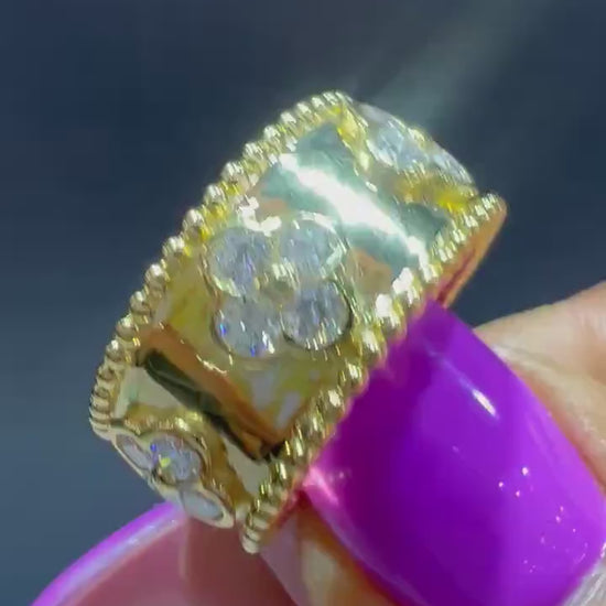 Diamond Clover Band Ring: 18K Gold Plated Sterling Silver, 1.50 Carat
* * *
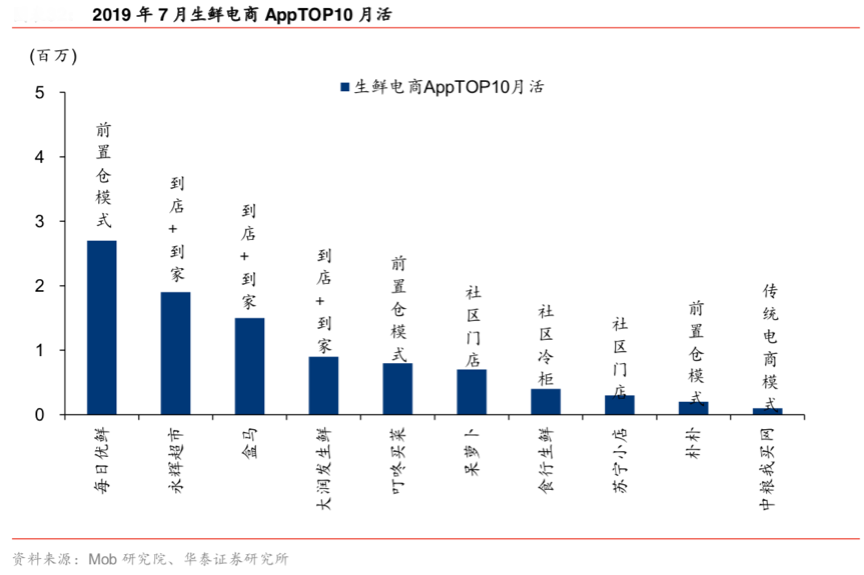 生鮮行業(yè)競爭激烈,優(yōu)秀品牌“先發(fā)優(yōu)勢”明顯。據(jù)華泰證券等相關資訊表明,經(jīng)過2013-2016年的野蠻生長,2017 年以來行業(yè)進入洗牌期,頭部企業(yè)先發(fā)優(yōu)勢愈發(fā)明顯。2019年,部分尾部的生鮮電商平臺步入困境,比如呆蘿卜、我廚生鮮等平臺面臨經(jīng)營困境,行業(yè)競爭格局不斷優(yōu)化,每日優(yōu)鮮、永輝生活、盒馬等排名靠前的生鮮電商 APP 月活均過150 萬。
---
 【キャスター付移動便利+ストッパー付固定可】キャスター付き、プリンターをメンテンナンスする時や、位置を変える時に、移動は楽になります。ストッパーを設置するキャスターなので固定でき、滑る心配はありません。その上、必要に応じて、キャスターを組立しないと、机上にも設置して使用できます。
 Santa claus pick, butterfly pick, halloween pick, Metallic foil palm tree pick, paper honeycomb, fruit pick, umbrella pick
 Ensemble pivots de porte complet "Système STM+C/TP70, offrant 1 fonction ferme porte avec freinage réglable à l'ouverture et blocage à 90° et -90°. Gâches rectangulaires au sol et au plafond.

▶ [The task]: Could you set down, word for word, only the lines above from the line with "Santa claus pick, butterfly" to the line with "Ensemble pivots de", including both?

▶ [Output below]:
 Santa claus pick, butterfly pick, halloween pick, Metallic foil palm tree pick, paper honeycomb, fruit pick, umbrella pick
 Ensemble pivots de porte complet "Système STM+C/TP70, offrant 1 fonction ferme porte avec freinage réglable à l'ouverture et blocage à 90° et -90°. Gâches rectangulaires au sol et au plafond.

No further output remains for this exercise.